(Data extracted from a collection)
========

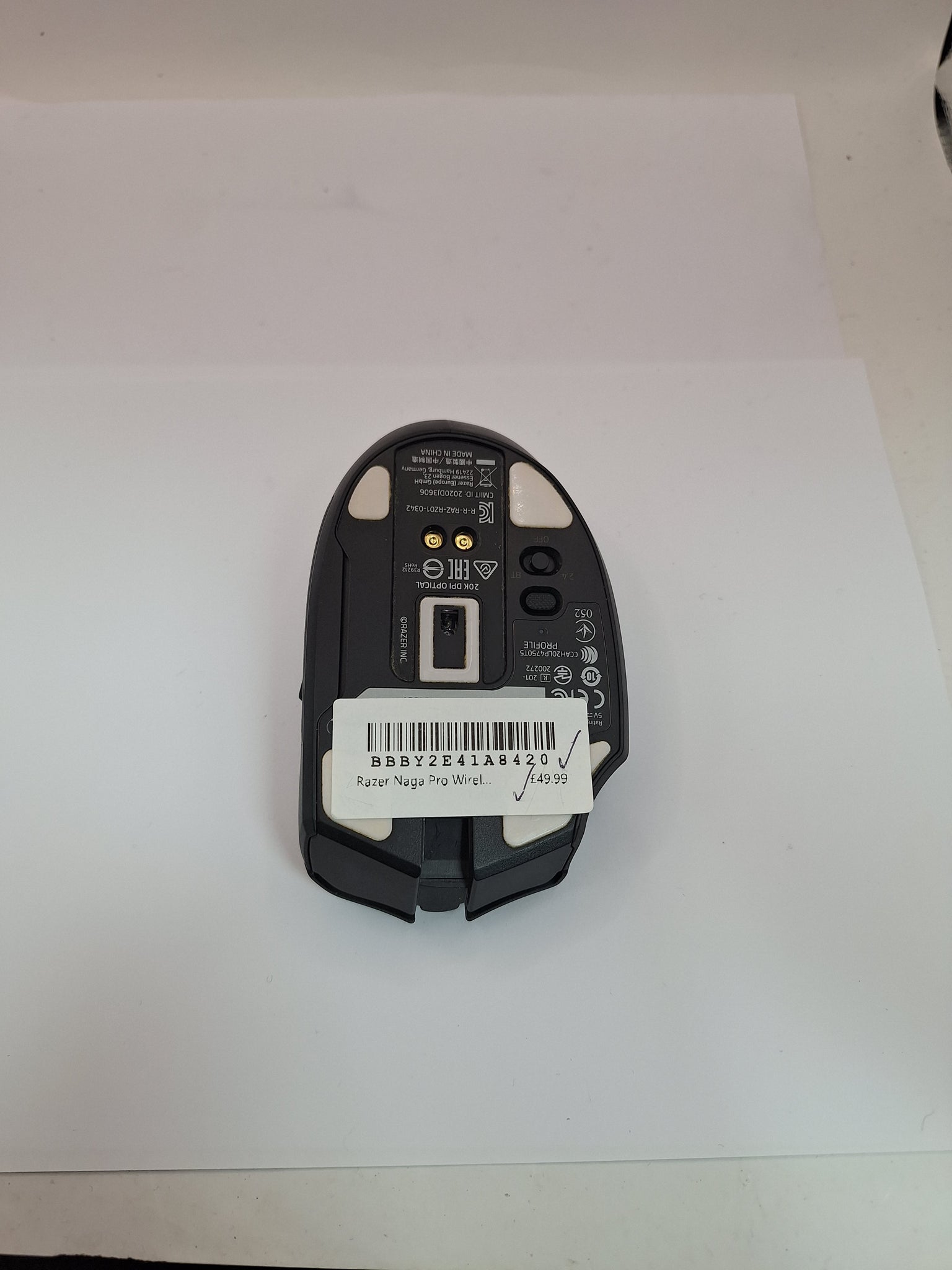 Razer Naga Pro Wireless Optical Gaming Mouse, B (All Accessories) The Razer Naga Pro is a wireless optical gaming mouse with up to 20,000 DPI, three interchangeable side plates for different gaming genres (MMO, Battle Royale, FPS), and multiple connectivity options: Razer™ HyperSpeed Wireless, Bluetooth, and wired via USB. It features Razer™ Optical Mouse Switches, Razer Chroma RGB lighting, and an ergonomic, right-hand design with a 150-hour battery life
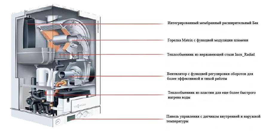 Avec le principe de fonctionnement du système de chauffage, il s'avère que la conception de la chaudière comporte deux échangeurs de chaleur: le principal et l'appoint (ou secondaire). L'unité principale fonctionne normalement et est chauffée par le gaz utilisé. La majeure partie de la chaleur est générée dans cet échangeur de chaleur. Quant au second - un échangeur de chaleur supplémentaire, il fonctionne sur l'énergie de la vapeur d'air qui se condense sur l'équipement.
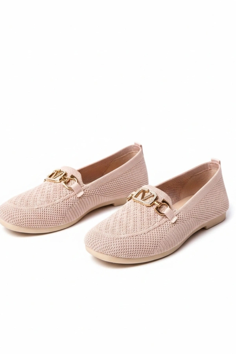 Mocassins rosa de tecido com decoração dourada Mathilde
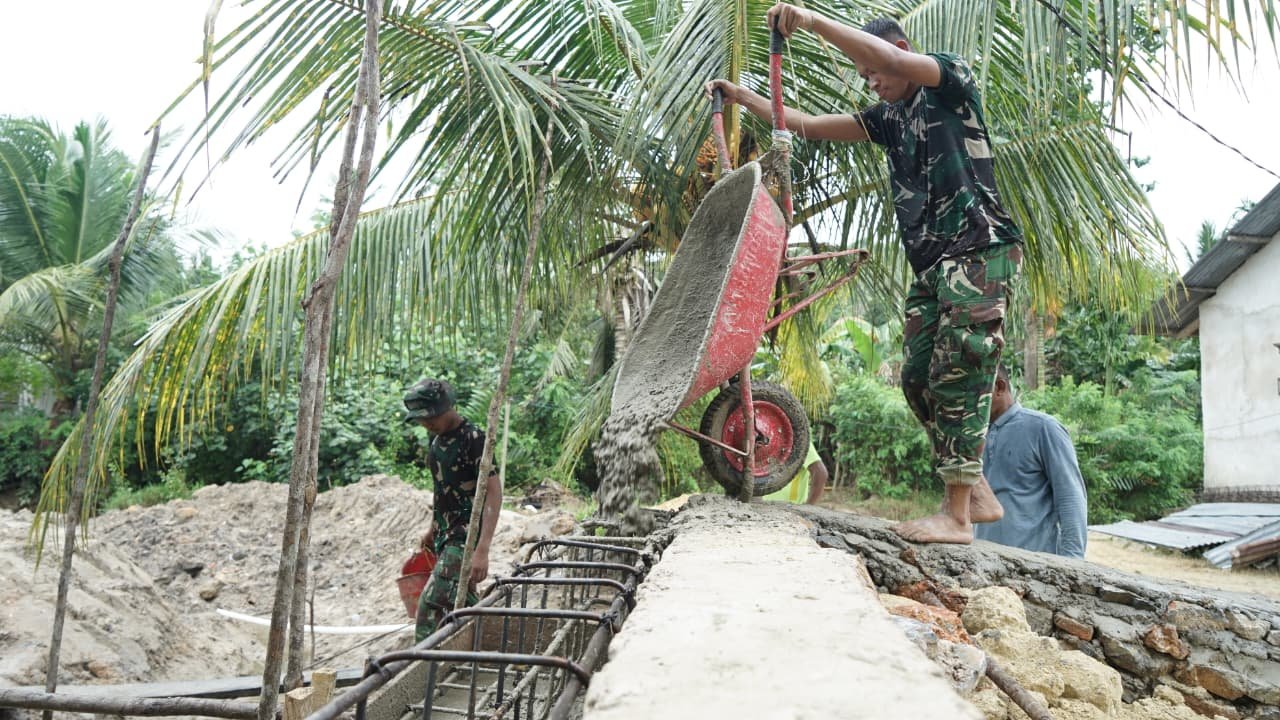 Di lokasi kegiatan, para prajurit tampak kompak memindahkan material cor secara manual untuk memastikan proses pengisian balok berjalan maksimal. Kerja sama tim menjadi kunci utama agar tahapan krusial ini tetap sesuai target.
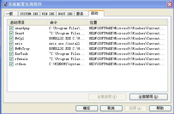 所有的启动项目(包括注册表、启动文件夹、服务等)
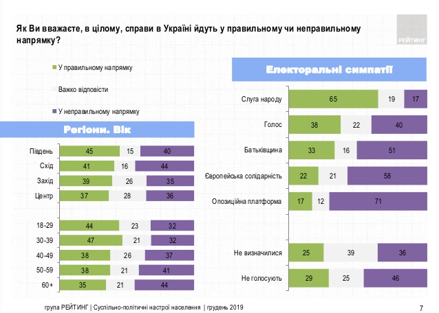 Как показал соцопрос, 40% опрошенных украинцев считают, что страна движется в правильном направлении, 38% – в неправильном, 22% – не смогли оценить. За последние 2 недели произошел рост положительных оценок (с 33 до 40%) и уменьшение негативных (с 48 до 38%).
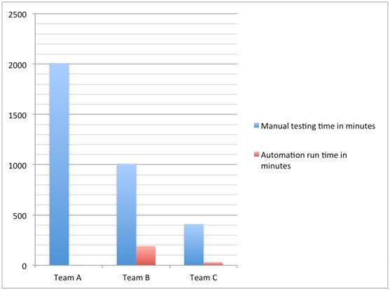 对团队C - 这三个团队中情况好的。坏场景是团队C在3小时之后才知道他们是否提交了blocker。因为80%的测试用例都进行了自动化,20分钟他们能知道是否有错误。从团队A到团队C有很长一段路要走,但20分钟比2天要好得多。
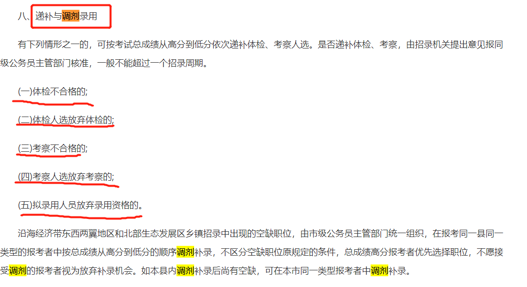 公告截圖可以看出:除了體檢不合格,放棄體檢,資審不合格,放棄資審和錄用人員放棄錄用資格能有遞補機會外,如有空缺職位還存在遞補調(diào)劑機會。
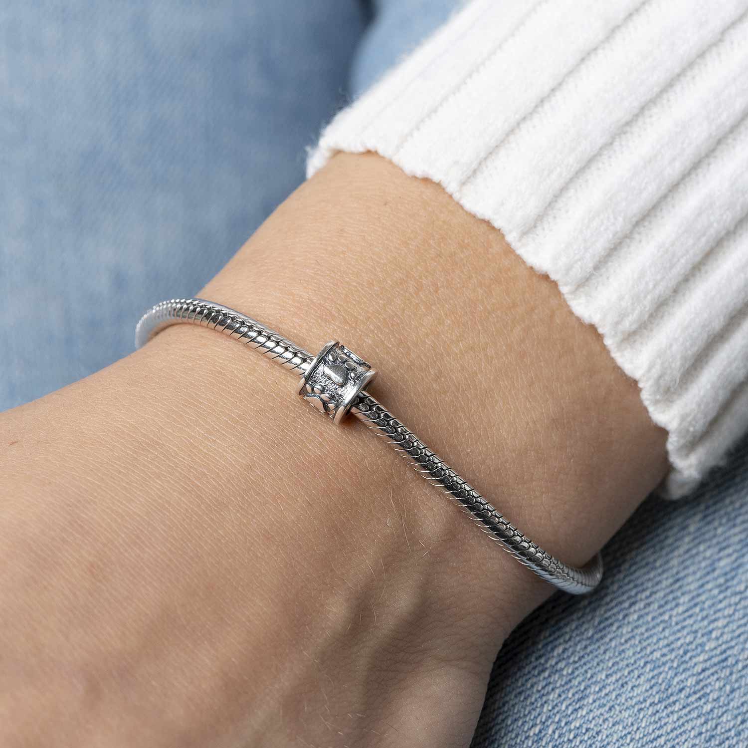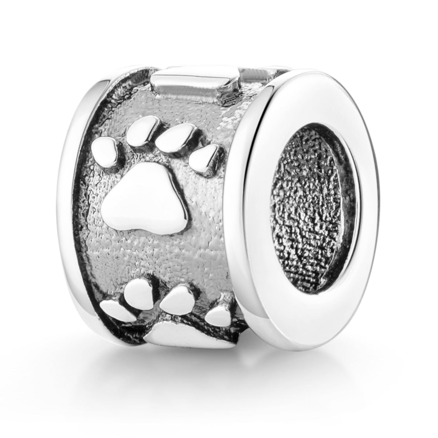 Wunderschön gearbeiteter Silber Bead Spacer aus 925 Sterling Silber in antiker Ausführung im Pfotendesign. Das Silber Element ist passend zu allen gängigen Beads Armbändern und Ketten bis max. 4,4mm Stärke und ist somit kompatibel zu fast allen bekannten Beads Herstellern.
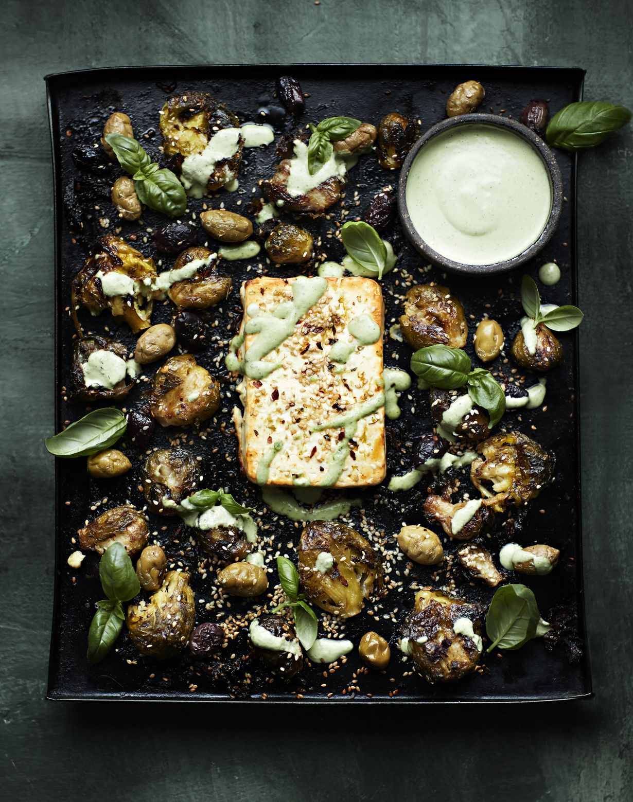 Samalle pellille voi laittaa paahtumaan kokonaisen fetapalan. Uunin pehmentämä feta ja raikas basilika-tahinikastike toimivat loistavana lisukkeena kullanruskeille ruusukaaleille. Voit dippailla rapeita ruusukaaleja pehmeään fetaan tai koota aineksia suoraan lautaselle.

========

Could the data above be copied out exactly, with no pictures kept?

 Razer Naga Pro Wireless Optical Gaming Mouse, B (All Accessories) The Razer Naga Pro is a wireless optical gaming mouse with up to 20,000 DPI, three interchangeable side plates for different gaming genres (MMO, Battle Royale, FPS), and multiple connectivity options: Razer™ HyperSpeed Wireless, Bluetooth, and wired via USB. It features Razer™ Optical Mouse Switches, Razer Chroma RGB lighting, and an ergonomic, right-hand design with a 150-hour battery life
 Avec le principe de fonctionnement du système de chauffage, il s'avère que la conception de la chaudière comporte deux échangeurs de chaleur: le principal et l'appoint (ou secondaire). L'unité principale fonctionne normalement et est chauffée par le gaz utilisé. La majeure partie de la chaleur est générée dans cet échangeur de chaleur. Quant au second - un échangeur de chaleur supplémentaire, il fonctionne sur l'énergie de la vapeur d'air qui se condense sur l'équipement.
 Mocassins rosa de tecido com decoração dourada Mathilde
 Di lokasi kegiatan, para prajurit tampak kompak memindahkan material cor secara manual untuk memastikan proses pengisian balok berjalan maksimal. Kerja sama tim menjadi kunci utama agar tahapan krusial ini tetap sesuai target.
 所有的启动项目(包括注册表、启动文件夹、服务等)
 Как показал соцопрос, 40% опрошенных украинцев считают, что страна движется в правильном направлении, 38% – в неправильном, 22% – не смогли оценить. За последние 2 недели произошел рост положительных оценок (с 33 до 40%) и уменьшение негативных (с 48 до 38%).
 对团队C - 这三个团队中情况好的。坏场景是团队C在3小时之后才知道他们是否提交了blocker。因为80%的测试用例都进行了自动化,20分钟他们能知道是否有错误。从团队A到团队C有很长一段路要走,但20分钟比2天要好得多。
 公告截圖可以看出:除了體檢不合格,放棄體檢,資審不合格,放棄資審和錄用人員放棄錄用資格能有遞補機會外,如有空缺職位還存在遞補調(diào)劑機會。
 Wunderschön gearbeiteter Silber Bead Spacer aus 925 Sterling Silber in antiker Ausführung im Pfotendesign. Das Silber Element ist passend zu allen gängigen Beads Armbändern und Ketten bis max. 4,4mm Stärke und ist somit kompatibel zu fast allen bekannten Beads Herstellern.
 Samalle pellille voi laittaa paahtumaan kokonaisen fetapalan. Uunin pehmentämä feta ja raikas basilika-tahinikastike toimivat loistavana lisukkeena kullanruskeille ruusukaaleille. Voit dippailla rapeita ruusukaaleja pehmeään fetaan tai koota aineksia suoraan lautaselle.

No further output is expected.